**WORK REQUEST:** Starting at the line below with "דרוהוביץ', עובד כפייה" and stopping at the line with "Projeto executivo de", please print each line exactly, those two included, and skip every picture.

**DATA EXCERPTS:**

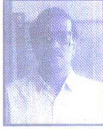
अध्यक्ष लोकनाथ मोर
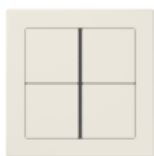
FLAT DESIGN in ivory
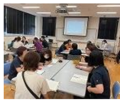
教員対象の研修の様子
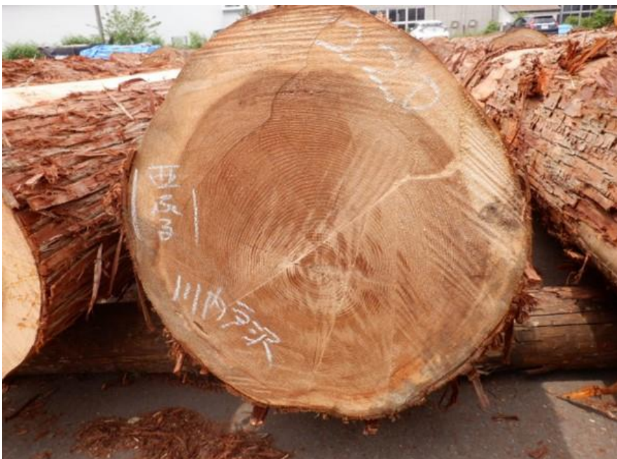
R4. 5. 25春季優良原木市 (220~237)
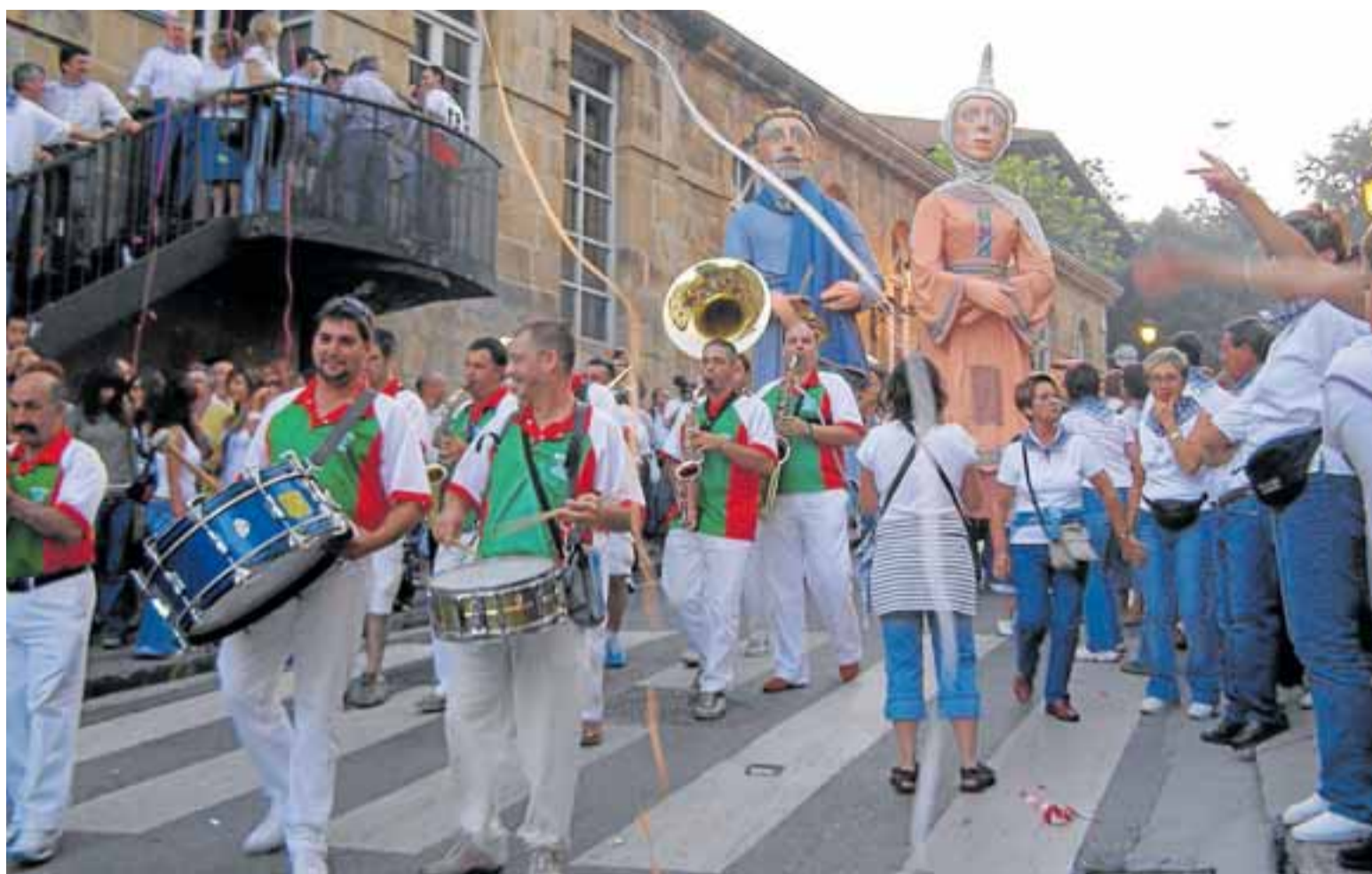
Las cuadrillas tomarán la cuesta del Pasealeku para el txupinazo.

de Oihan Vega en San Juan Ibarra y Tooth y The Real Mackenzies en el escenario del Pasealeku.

--

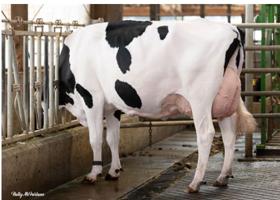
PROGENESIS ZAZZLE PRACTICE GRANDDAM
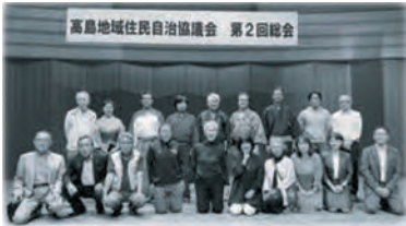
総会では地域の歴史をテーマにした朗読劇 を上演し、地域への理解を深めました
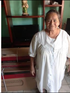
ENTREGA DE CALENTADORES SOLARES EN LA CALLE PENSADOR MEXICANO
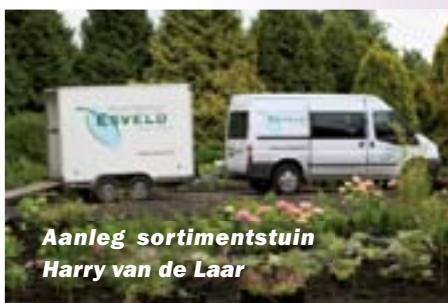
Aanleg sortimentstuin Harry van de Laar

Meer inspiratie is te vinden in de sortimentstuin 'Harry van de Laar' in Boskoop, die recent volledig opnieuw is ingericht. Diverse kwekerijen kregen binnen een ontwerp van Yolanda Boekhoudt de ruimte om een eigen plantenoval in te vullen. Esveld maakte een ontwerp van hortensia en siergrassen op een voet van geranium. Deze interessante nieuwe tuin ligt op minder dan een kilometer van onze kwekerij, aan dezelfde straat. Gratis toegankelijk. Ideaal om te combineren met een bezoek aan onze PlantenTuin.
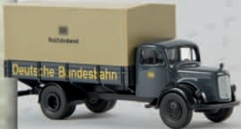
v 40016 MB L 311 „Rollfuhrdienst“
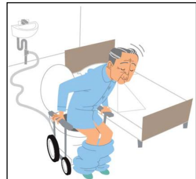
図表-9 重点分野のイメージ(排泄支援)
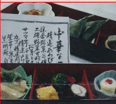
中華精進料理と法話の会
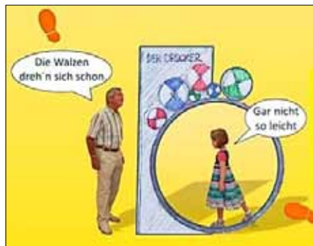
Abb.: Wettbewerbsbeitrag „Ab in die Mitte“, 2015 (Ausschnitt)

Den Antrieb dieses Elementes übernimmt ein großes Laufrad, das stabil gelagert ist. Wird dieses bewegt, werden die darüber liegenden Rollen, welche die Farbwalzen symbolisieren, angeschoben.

==

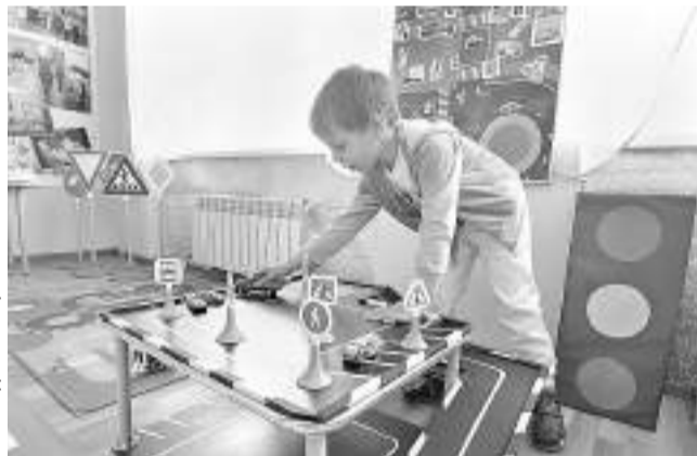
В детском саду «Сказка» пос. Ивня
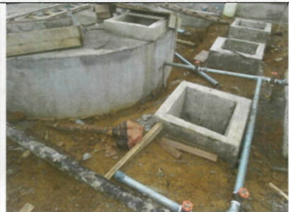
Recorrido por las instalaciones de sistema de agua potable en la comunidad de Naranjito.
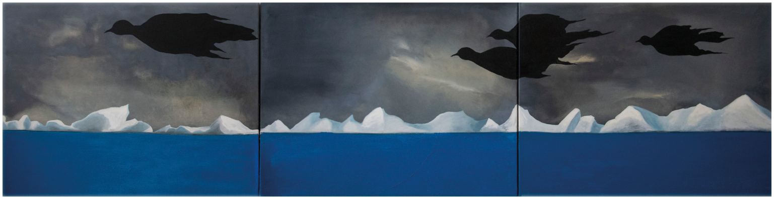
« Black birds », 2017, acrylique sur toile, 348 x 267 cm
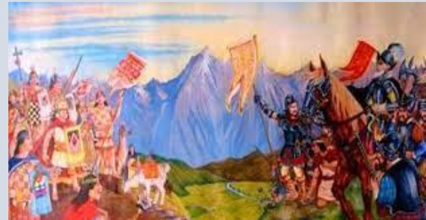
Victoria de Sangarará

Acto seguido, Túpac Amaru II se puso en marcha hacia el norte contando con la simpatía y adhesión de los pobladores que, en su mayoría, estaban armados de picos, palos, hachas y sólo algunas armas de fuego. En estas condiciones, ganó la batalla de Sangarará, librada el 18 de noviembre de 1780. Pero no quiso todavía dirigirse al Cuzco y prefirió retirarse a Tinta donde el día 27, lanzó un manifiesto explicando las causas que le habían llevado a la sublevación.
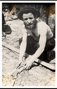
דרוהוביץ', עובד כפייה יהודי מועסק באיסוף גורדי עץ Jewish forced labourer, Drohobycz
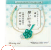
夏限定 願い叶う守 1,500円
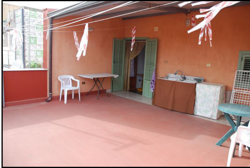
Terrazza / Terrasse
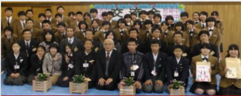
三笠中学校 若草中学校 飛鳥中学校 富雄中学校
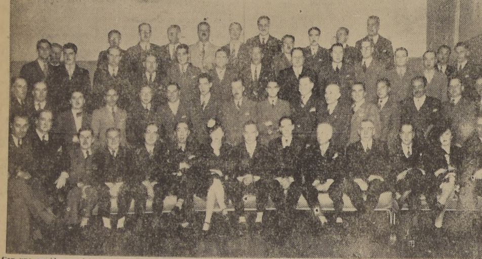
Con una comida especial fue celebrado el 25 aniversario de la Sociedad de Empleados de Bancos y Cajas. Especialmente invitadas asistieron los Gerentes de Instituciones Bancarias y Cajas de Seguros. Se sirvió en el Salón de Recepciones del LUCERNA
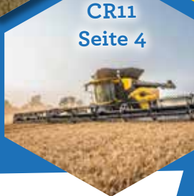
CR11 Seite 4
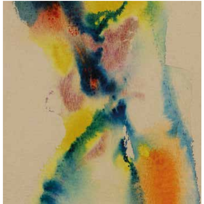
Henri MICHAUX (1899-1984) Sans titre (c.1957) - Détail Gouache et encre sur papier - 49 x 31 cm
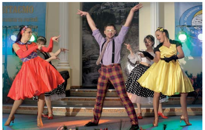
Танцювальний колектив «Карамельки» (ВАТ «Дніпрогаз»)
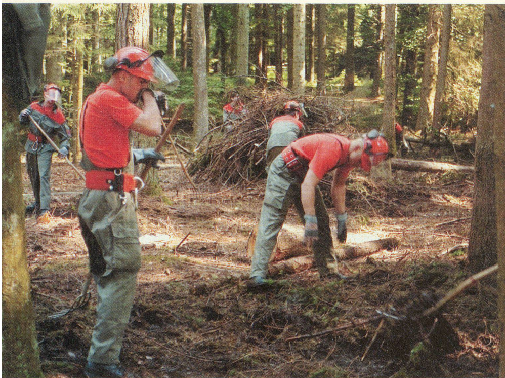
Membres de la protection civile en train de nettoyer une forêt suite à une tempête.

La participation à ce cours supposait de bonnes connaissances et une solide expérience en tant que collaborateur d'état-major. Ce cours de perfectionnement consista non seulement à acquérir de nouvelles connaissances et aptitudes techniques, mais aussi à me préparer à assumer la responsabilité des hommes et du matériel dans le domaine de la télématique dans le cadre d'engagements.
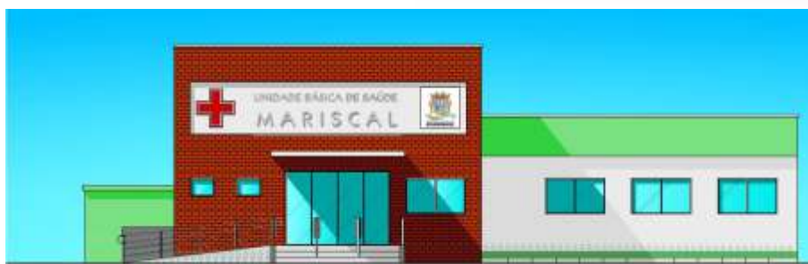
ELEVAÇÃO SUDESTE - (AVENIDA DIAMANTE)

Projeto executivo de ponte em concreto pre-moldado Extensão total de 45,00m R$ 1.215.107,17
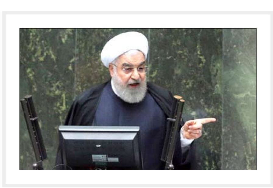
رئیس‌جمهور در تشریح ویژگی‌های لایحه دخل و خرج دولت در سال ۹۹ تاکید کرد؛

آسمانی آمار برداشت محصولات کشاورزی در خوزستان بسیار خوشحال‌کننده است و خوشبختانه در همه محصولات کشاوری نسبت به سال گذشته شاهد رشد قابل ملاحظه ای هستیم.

**WRITTEN RESPONSE:**
דרוהוביץ', עובד כפייה יהודי מועסק באיסוף גורדי עץ Jewish forced labourer, Drohobycz
夏限定 願い叶う守 1,500円
Terrazza / Terrasse
三笠中学校 若草中学校 飛鳥中学校 富雄中学校
Con una comida especial fue celebrado el 25 aniversario de la Sociedad de Empleados de Bancos y Cajas. Especialmente invitadas asistieron los Gerentes de Instituciones Bancarias y Cajas de Seguros. Se sirvió en el Salón de Recepciones del LUCERNA
CR11 Seite 4
Henri MICHAUX (1899-1984) Sans titre (c.1957) - Détail Gouache et encre sur papier - 49 x 31 cm
Танцювальний колектив «Карамельки» (ВАТ «Дніпрогаз»)
Membres de la protection civile en train de nettoyer une forêt suite à une tempête.

La participation à ce cours supposait de bonnes connaissances et une solide expérience en tant que collaborateur d'état-major. Ce cours de perfectionnement consista non seulement à acquérir de nouvelles connaissances et aptitudes techniques, mais aussi à me préparer à assumer la responsabilité des hommes et du matériel dans le domaine de la télématique dans le cadre d'engagements.
ELEVAÇÃO SUDESTE - (AVENIDA DIAMANTE)

Projeto executivo de ponte em concreto pre-moldado Extensão total de 45,00m R$ 1.215.107,17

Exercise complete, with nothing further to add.